Predict indonesia word based on single speech audio. Built using python speech libraries (librosa, noisereduce, and scipy), MFCC (Mel Frequency Cepstral Coefficient), and Random forest model with hyperparameter tuning.
The dataset used in this repository is an audio dataset and retrieved from kaggle link below.
This dataset contains seven classes with approximately 210-213 audio wav file for each class. The classes are single word speech that is pronounced in the audio. The words are BEGAL, KEBAKARAN, KECELAKAAN, MALING, PENCURI, RAMPOK, TABRAKAN. Below is the visualization for audio distribution between each classes.
Each class contains audio file in wav format.
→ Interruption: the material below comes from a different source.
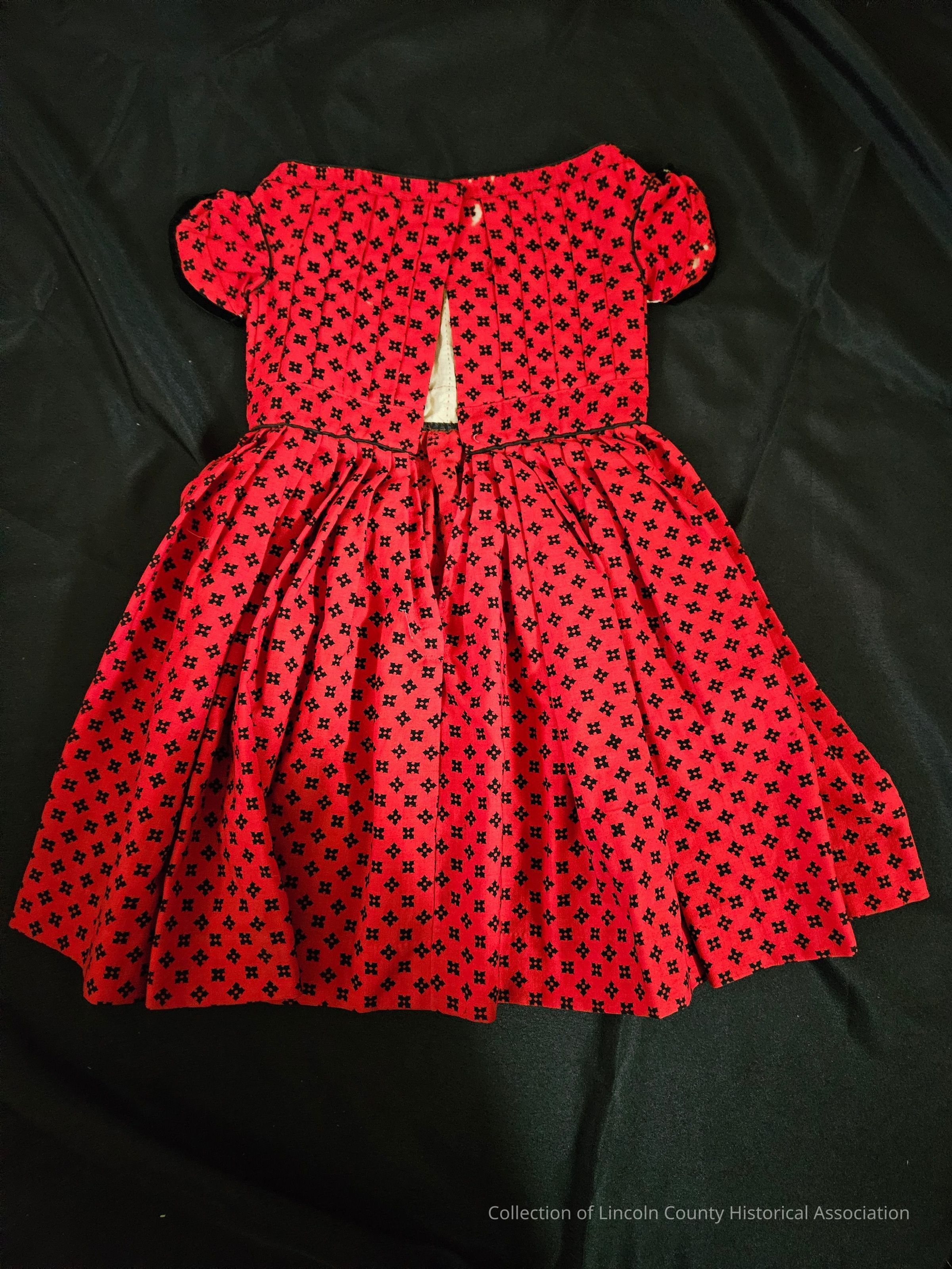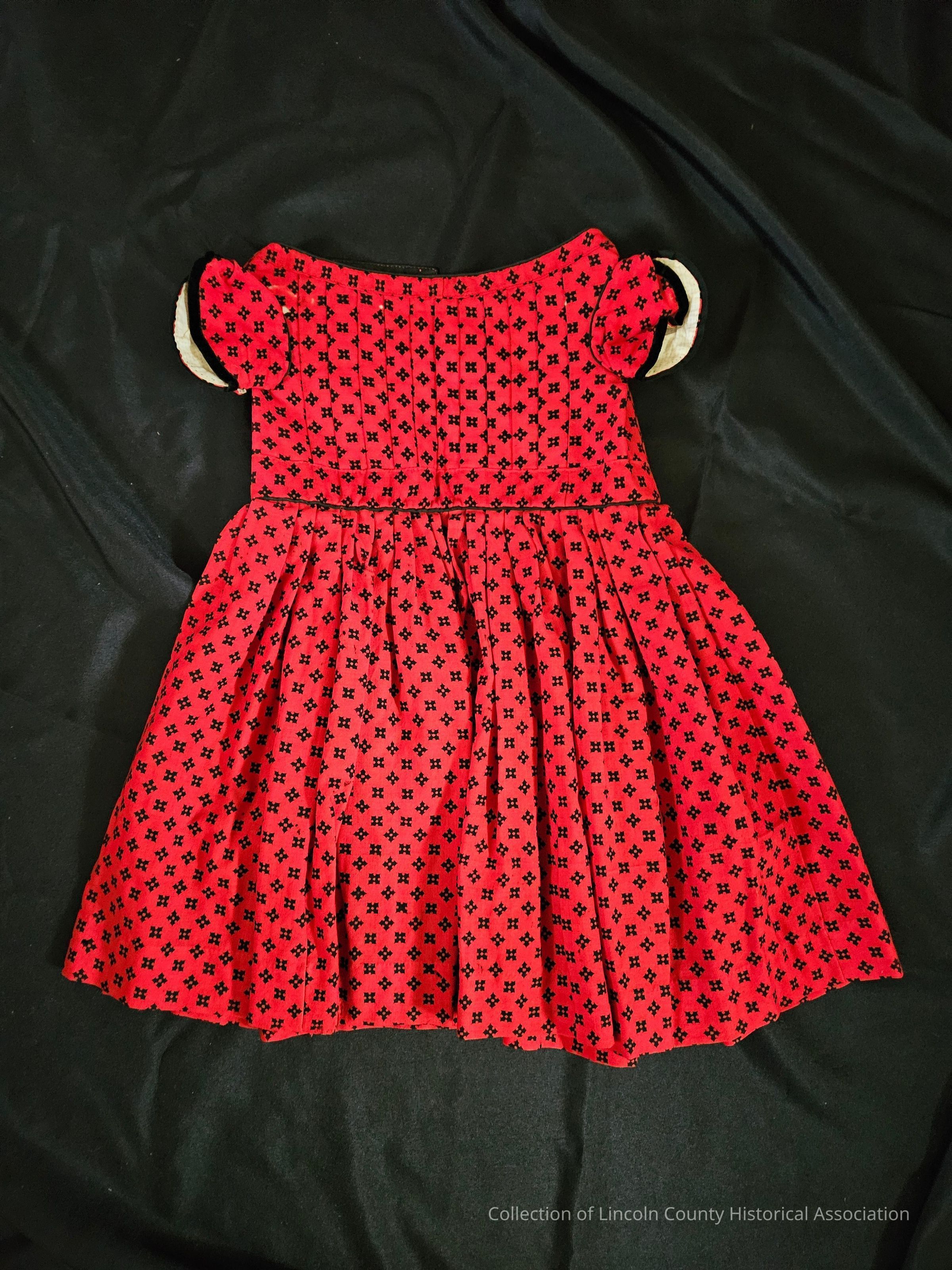 Red child's dress with black floral pattern. Wool challis, sleeves edged in black velvet. Black hemline and collar. Pleated front. Open on top half of back, no closures.Clothing/Dress/Costume Details

Below are the example audios of the dataset.
The dataset also has two types of ambience noise, rain and road ambience. Moreover, the audio also has silent at the start and end of the audio which makes the audio is not clean to be processed further. so, preprocessing is needed to clean the audio from noise and trim the audio silent part.
The preprocessing technique that used in this dataset are noise reduction using noisereduce library and silent trim using librosa. Below are the example result of the audio after being preprocessed.
MFCC is a feature extraction technique that represents the audio frequency in a human way of hearing. The major reason why we use MFCC is because interpretation of each frequency is different in human hearing. MFCC consists of 6 steps.
- Pre-emphasis
- Audio framing
- Audio windowing
- Mel filterbank
- Audio Log
- Discrete Cosine Transform
Data splitting used to split the dataset into 2 parts, training set and testing set with ratio 8:2. Then, because the data has high dimentionality, PCA (principal component analysis were used to reduce the difficulty for the model to understand the data.
The model that used are random forest classifier and the evaluatioon that used are basic evaluation such as accuracy, f1-score, recall, and precision. Overall the model gains accuracy >= 80%.